Константин Радов - Жизнь и деяния графа Александра Читтано, им самим рассказанные Страница 35
Константин Радов - Жизнь и деяния графа Александра Читтано, им самим рассказанные читать онлайн бесплатно
К заводу приписали несколько крупных сел, но, если со строительством окрестные мужики и московские арестанты вполне справлялись, доверить тонкую работу по металлу заскорузлым от земли крестьянским рукам значило бы погубить все дело. Требовались сотни работников для простых, но точных операций, которых мои мастера могли бы быстро научить. Единственные пригодные люди, как показал опыт - крестьянские дети от двенадцати до семнадцати лет, достаточно восприимчивые и не привязанные к хозяйству. Конечно, в столь нежном возрасте они не могли работать целый день, как матерые мужики, но мне это и не требовалось. Полдня - завод, полдня - школа, попеременке: так можно было подготовить двойное количество рабочих с расчетом на будущее расширение дела. Оплаты им все равно первое время не полагалось, только одежда и корм. Зато поманить возможностью выучиться и выйти в мастера - очень дешево стоило и прекрасно побуждало к труду. Вообще, на работах, не требующих могучих мускулов, подростки превосходят зрелых мужчин: они понятливее и еще не научились беречь свои силы.
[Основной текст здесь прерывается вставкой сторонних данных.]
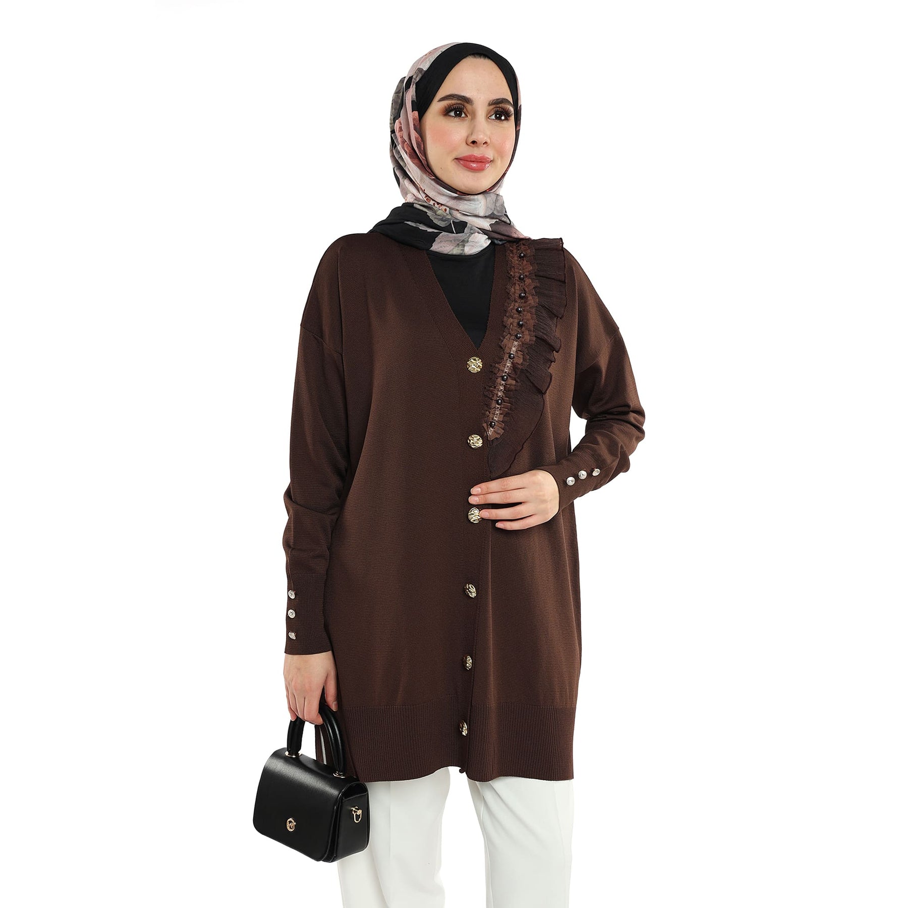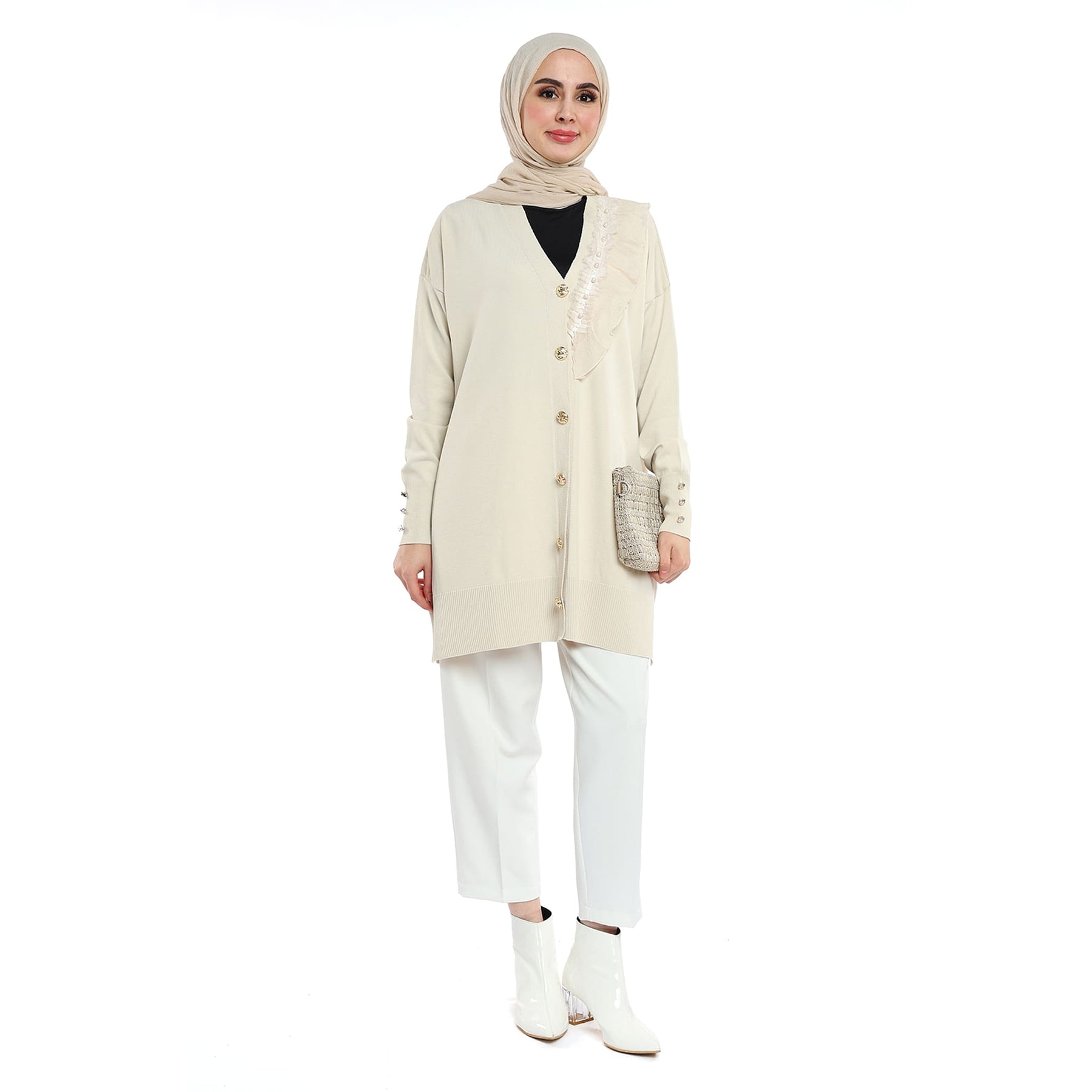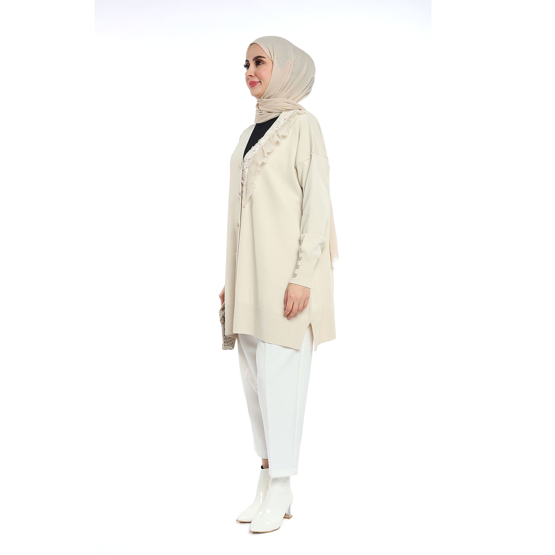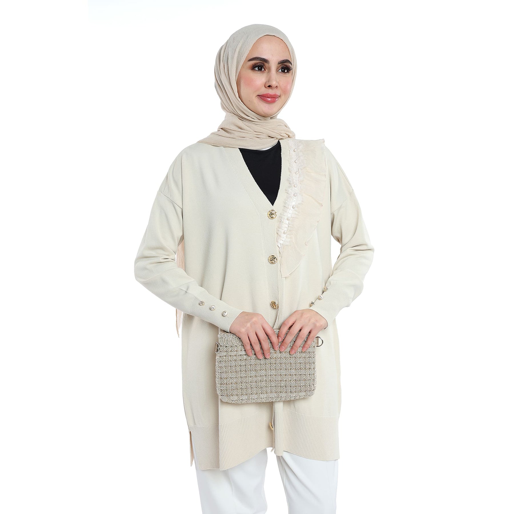 Model: Gold-button cardigan with pearl ruffle trim

Завод рос своим чередом: на вторую весну запустили водяные колеса, вовсю заработало ствольное отделение, к лету обыкновенных фузей делали уже больше, чем когда-то у Виниуса. С новоманерными - тоже шло на лад, хотя гораздо медленнее, чем планировалось. Ближайшая кампания для меня, к великому сожалению, пропадала. Утомленный бесконечными хлопотами, я мечтал о походах и баталиях, как галерный раб - о свободе. До этого еще было далеко. Зато появился досуг привести роту в божеский вид и оправдаться перед Брюсом, заставив бомбы взрываться при попадании в цель, а не в стволе орудия (как это у нас с ним получалось два года назад). Литейная мастерская, не слишком нужная для ружейного дела, но необходимая для артиллерии, была выстроена еще зимой. Один разговор, сопровождавший первую пробу печей, смутил мою душу.
Тех каторжных, что посмирней, мы часто ставили на подсобные работы. Возле 'кобылы' для наказаний молоденький парнишка с безумными глазами, ожидавший очереди под кнут, бросился на колени:
- Господин капитан! Не ставь меня в литейню, лучше убей!
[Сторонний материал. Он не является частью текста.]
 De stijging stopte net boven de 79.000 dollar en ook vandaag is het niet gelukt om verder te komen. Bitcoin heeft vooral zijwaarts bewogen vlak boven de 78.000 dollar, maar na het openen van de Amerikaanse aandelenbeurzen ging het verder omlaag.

- Убью, коли понадобится. Не тебе решать. А чем литейня не полюбилась?
- Да там огонь...
Злодею было на вид лет семнадцать, самое большее. Однако выжженное на лбу клеймо ясно говорило, что он убийца.
- За что наказан?
- Работать отказался, - пояснил стоящий рядом десятник.
- Помолчи, пусть сам скажет. Что у тебя с огнем?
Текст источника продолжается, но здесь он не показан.